» Task directions
Would you return exactly the lines below from the line with "Mino Maccari, Sculptor" through the line with "Above Right: Sydney.", both included, and nothing else, leaving out the pictures?

» Recorded information
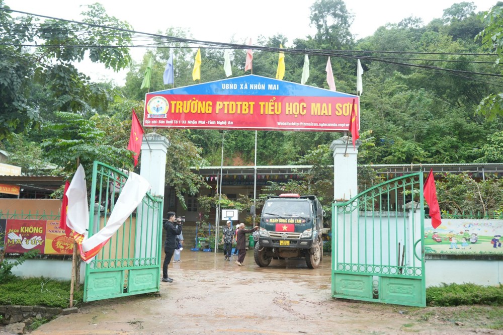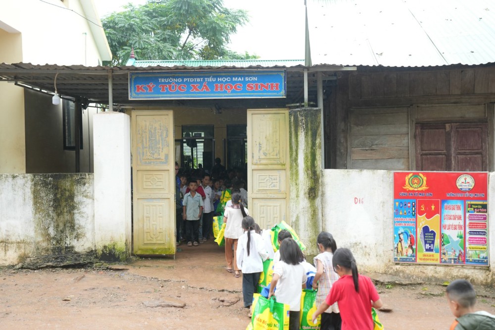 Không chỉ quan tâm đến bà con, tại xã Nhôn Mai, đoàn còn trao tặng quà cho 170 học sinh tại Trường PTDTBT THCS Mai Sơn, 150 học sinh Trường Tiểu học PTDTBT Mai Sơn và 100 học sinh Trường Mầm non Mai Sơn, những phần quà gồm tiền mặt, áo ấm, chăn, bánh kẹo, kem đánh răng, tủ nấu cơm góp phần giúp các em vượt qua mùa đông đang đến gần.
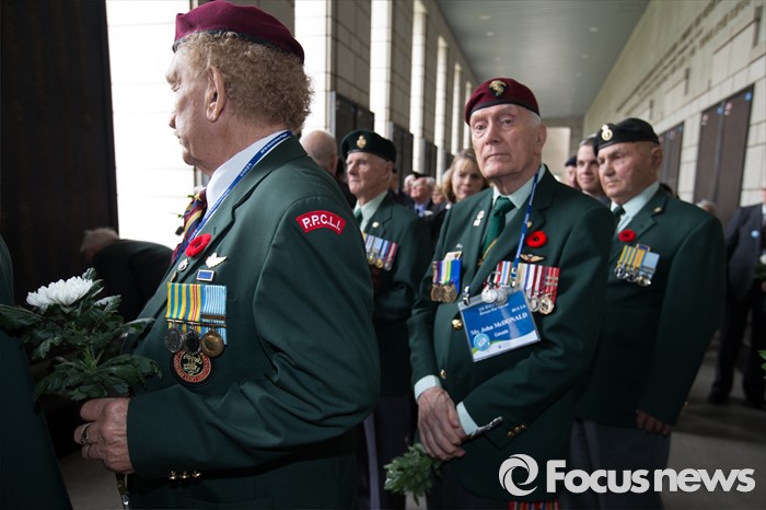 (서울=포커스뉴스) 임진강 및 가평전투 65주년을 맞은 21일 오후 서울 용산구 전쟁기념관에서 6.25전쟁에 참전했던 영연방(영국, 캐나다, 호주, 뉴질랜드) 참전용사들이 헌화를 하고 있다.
...
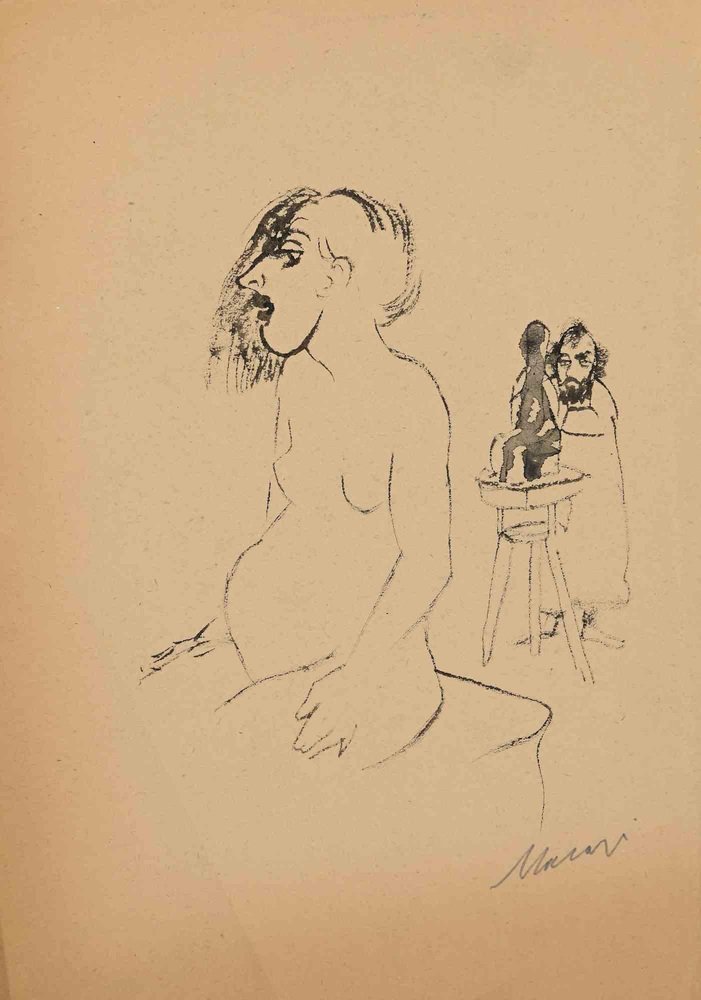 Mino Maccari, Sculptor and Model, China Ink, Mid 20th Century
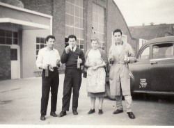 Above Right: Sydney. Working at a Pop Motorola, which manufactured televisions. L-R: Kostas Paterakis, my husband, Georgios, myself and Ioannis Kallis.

» Solution to the problem
 Mino Maccari, Sculptor and Model, China Ink, Mid 20th Century
 Above Right: Sydney. Working at a Pop Motorola, which manufactured televisions. L-R: Kostas Paterakis, my husband, Georgios, myself and Ioannis Kallis.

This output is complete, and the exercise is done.